RPATH, RUNPATH and LD_LIBRARY_PATH

Long time since my last post - my bad.

Recently I have been working on a renewed FWTools for linux - hopefully I'll follow up on that later. Much like in the past FWTools is intended to work across a variety of linux systems (ie. Ubuntu, Redhat, Suse, Gentoo) and to not interfere with the native packing system nor to require special permissions to install.

To that end we try to distribute as many of the required shared libraries as possible, and we use the LD_LIBRARY_PATH environment variable to ensure FWTools finds and uses these shared libraries in preference to any system provided versions which might be incompatible (though often aren't).

In my local testing I was getting frustrated as my shared libraries were not being used. Instead the system versions of things like libsqlite3.so.4 were getting picked up from /usr/lib64 despite my LD_LIBRARY_PATH pointing to a copy distributed with FWTools. I check this with the ldd command which shows what sublibraries an executable or shared library need and which is being picked according to the current policy.

I carefully read the man page for ld.so, which is responsible for loading shared libraries at runtime, and it indicated:

The necessary shared libraries needed by the program are searched for
in the following order

o Using the environment variable LD_LIBRARY_PATH
(LD_AOUT_LIBRARY_PATH for a.out programs). Except if the exe‐
cutable is a setuid/setgid binary, in which case it is ignored.
...

Well, my programs are not setuid/setgid nor are they a.out (very old style of linux binary), so what gives? Due to poor time synchronization on my systems and use of nfs, I noticed that some shared library dates were in the future. I thought perhaps some funky security policy prevented them from being used, but that theory did not pan out. I tried doing it on a local file system incase there were some rule about not trusting shared libraries from remote file systems in some cases. Still no go.

However, googling around the net I found that my local ld.so man page was not very comprehensive. Another ld.so man page gave me a hint, referring to DT_RPATH and DT_RUNPATH attributes being used before LD_LIBRARY_PATH. I was vaguely aware of shared libraries having an "rpath" attribute which could be set at link time and might have some sort of influence on searching. Distribution packaging folks have sometimes bugged me about it, especially back in the old days before libtool was used for GDAL. But I had never really understood it well and it just seemed like unnecessary stuff.

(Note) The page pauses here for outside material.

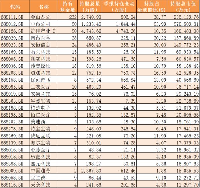 公募基金作為A股市場上的重要價值投資者,二季度重倉了哪些科創(chuàng)板個股呢?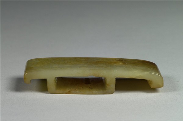 玉質,略呈褐色。下方可見具有獸眼及雙眉的獸面(劍璏實際使用時獸面應朝上),由下至上則以重複的紋飾單元鋪列器身,勾勒出簡化的獸身背脊,這是西漢中期至東漢常見的紋飾設計模式。劍璏由其平整底面和劍鞘貼合綁縛,同玉劍首、玉劍鐔(劍格)及玉劍摽(劍珌)為玉具劍完整的組件之一,是彰顯貴族身分地位的禮儀用具。

Further digging confirmed that ELF (the modern linux object file format) executables and shared libraries may have an RPATH attribute built right into the file. This is essentially a directory that should be searched first for shared libraries that this executable or shared library depends on. RUNPATH is similar, but is apparently evaluated after LD_LIBRARY_PATH. I got my critical information from this blog post by Trevor King.

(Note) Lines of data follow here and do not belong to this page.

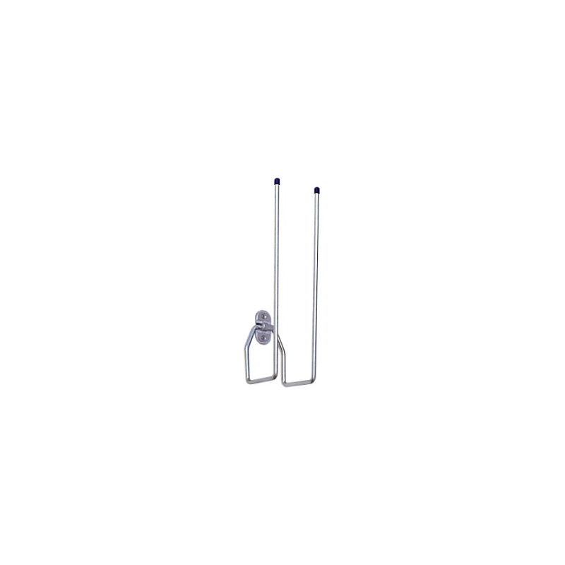 In acciaio zincato tondo pieno diametro mm 9.Con posizione di riposo e blocco di sicurezza. Distanza tra le braccia mm 100. Punte rivolte verso l'alto per mm 390. Sporgenza mm 80
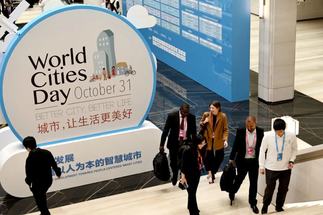 与会嘉宾进入2025世界城市日城市可持续发展全球大会全体大会会议厅。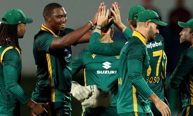दक्षिण अफ्रीका टी20 टीम: एडेन मार्करम, कॉर्बिन बॉश, डेवाल्ड ब्रेविस, डोनोवन फरेरा, मार्को जेनसन, केशव महाराज, क्वेना मफाका, डेविड मिलर, सेनुरन मुथुसामी, लुंगी एनगिडी, लुआन-ड्रे प्रीटोरियस, कागिसो रबाडा, रयान रिकेल्टन, ट्रिस्टन स्टब्स, लिज़ाद विलियम्स।

My old favorite, the ldd command, does not show the rpath settings though it does honour them. I also use nm to dump the symbols in object files and shared libraries, but it doesn't address special attributes like rpath. Digging around I found the readelf command which can report all sorts of information about a shared library or executable, including the RPATH, and RUNPATH. It also helpfully lists the shared libraries that are needed, something that often gets obscured in ldd by the chaining of dependencies.

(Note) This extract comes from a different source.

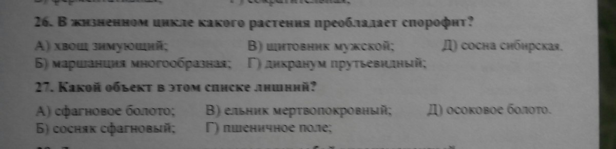 26. Маршанция и дикранум - это мхи, у них преобладает гаметофит, у остальных - спорофит. Ответ: А, В, Д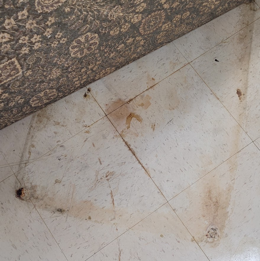 The blood-stained floor at the Women's Clinic

The rpath attribute is generally set by libtool when linking shared libraries. GDAL includes a build option to build without libtool, and I contemplated using that which would help alot. But it wouldn't help for other libraries in FWTools that were not directly pulled in by GDAL. My goal with the modern FWTools is to - as much as possible - use standard CentOS/RedHat rpm binaries as the basis for the product. So I don't want to have to rebuild everything from scratch. What I really wanted was a way to suppress use of the rpath, switch it to runpath or remove it entirely. Low and behold, I am not the first with this requirement. There is a command called chrpath that can do any of these "in place" to a binary (see chrpath(1) man page).

chrpath -d usr/lib64/libgdal.so

This command isn't installed by default on my system, but it was packaged and it works very nicely. I'll preprocess the shared libraries and binaries to strip out rpath so my LD_LIBRARY_PATH magic works smoothly. I had even considered using it to replace the rpath at install time with the path inside the FWTools distribution for libraries. This, unfortunately, does not appear to be possible as it seems chrpath can only replace rpath's with rpaths of the same or a shorter length. In any event, FWTools still depends on cover scripts to set other environment variables so doing this wouldn't have made it practical to avoid my environment setup magic.

I owe a lot to some other blog and mailing list posts turned up by google. This blog entry is partly an attempt to seed the net with helpful answers for others that run into similar problems. I will say it is very annoying that a company decided to name itself "rPath" - it made searching quite a bit harder!